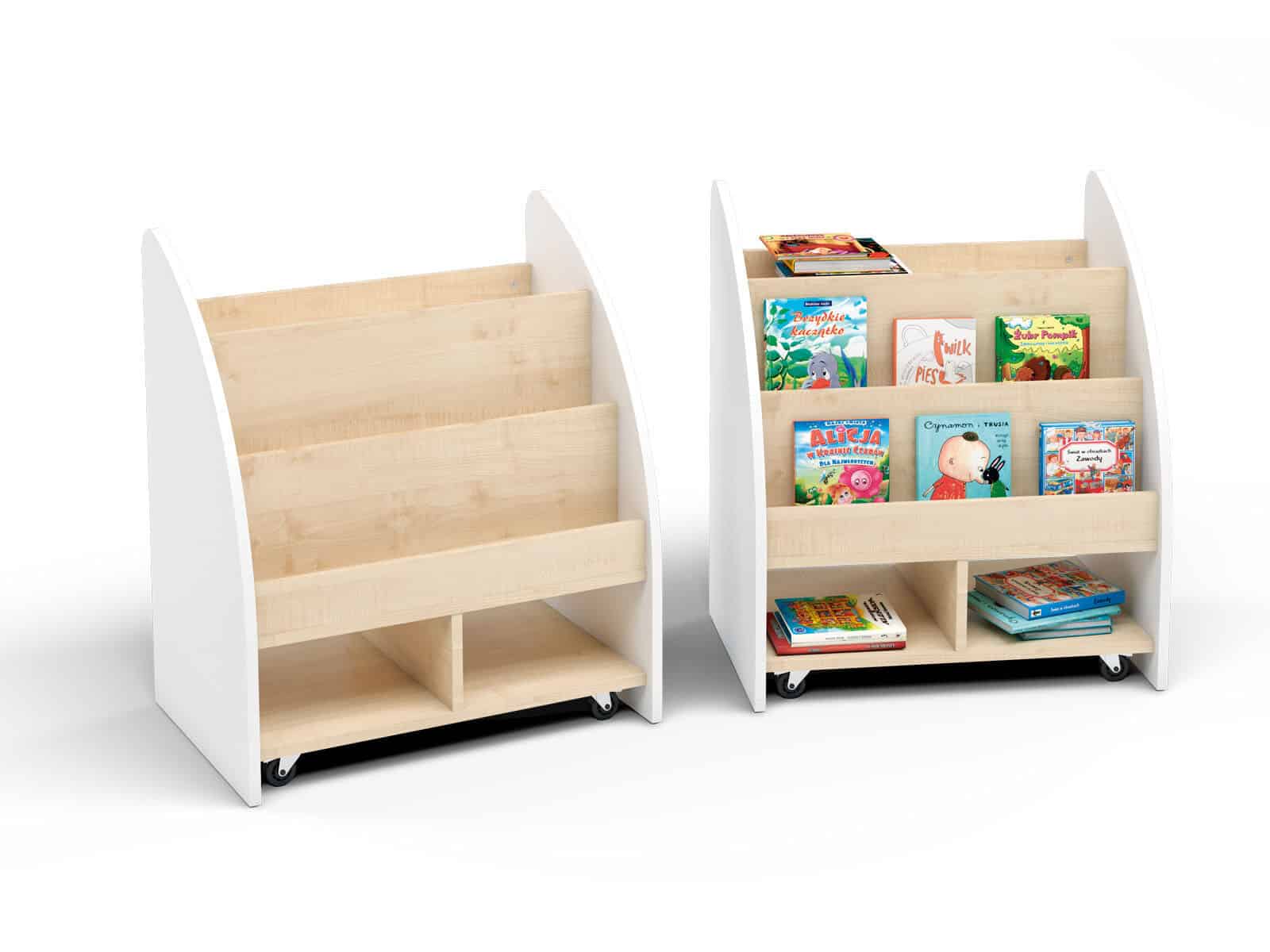 Reolen giver praktisk opbevaringsplads til bøger, legetøj og materialer og tåler daglig brug i institutioner.
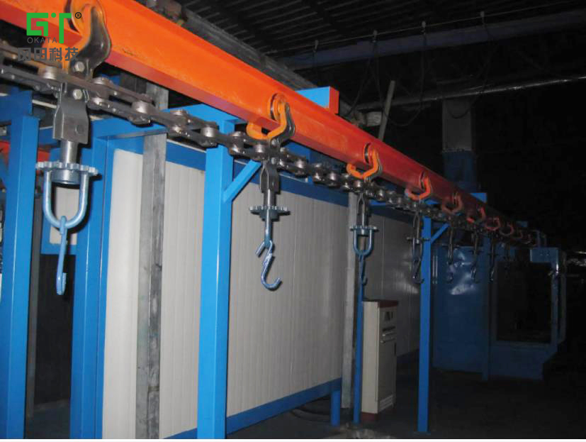 掛流水線的種類一般按產品功能定,有XJG型懸掛線、自動懸掛線、噴涂線、掛鉤懸掛線等流水線。特點:吊籃式輸送、變頻調速設置、鏈條傳動式設備、自動化程度高。
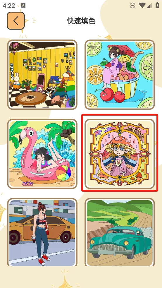 2、进入快速填色中将会看到有多款绘画图案可以自由选择,我们以这幅画为例进行填色;
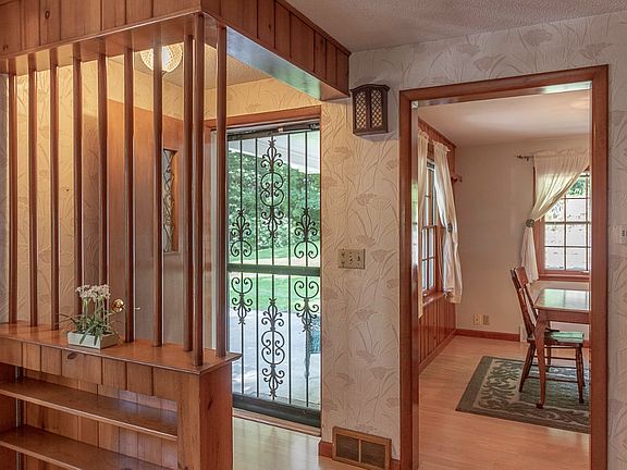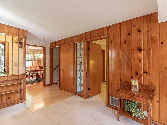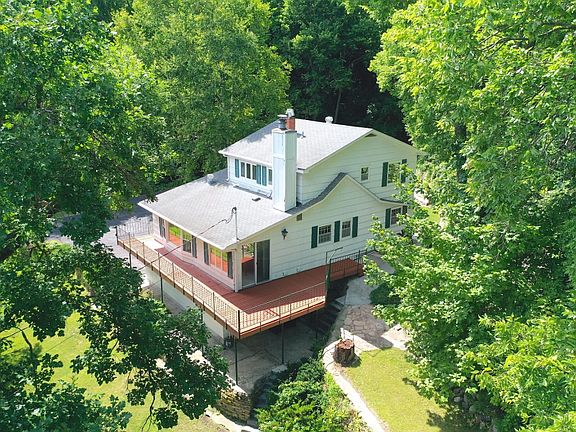 Welcome home to this wonderful home nestled among the trees! The front foyer opens up into the main floor living room with large windows to the back of the home. The living room also features a brick-faced wood burning fireplace, knotty pine walls, and sliding patio doors to the wraparound deck. Also on the main floor is an open concept casual dining room and kitchen featuring center work island, and ample white cabinetry.  There is one bedroom on this level as well as a pass-through 1/2 bathroom. Upstairs you will find 2 more bedrooms and an awesome bonus room as well as a 3/4 bathroom. The walk-out basement has been partially finished off with a 4th bedroom, 1/4 bathroom, laundry area, and great storage. Outside you will enjoy beautiful river valley views from the wraparound deck, as well as ample green space and lush greenery creating a ravine oasis!

◆ **Exercise details**: Once the pictures are removed, print all the remaining data exactly as it stands.

◆ **Final answer**:
 Reolen giver praktisk opbevaringsplads til bøger, legetøj og materialer og tåler daglig brug i institutioner.
 掛流水線的種類一般按產品功能定,有XJG型懸掛線、自動懸掛線、噴涂線、掛鉤懸掛線等流水線。特點:吊籃式輸送、變頻調速設置、鏈條傳動式設備、自動化程度高。
 2、进入快速填色中将会看到有多款绘画图案可以自由选择,我们以这幅画为例进行填色;
 Welcome home to this wonderful home nestled among the trees! The front foyer opens up into the main floor living room with large windows to the back of the home. The living room also features a brick-faced wood burning fireplace, knotty pine walls, and sliding patio doors to the wraparound deck. Also on the main floor is an open concept casual dining room and kitchen featuring center work island, and ample white cabinetry.  There is one bedroom on this level as well as a pass-through 1/2 bathroom. Upstairs you will find 2 more bedrooms and an awesome bonus room as well as a 3/4 bathroom. The walk-out basement has been partially finished off with a 4th bedroom, 1/4 bathroom, laundry area, and great storage. Outside you will enjoy beautiful river valley views from the wraparound deck, as well as ample green space and lush greenery creating a ravine oasis!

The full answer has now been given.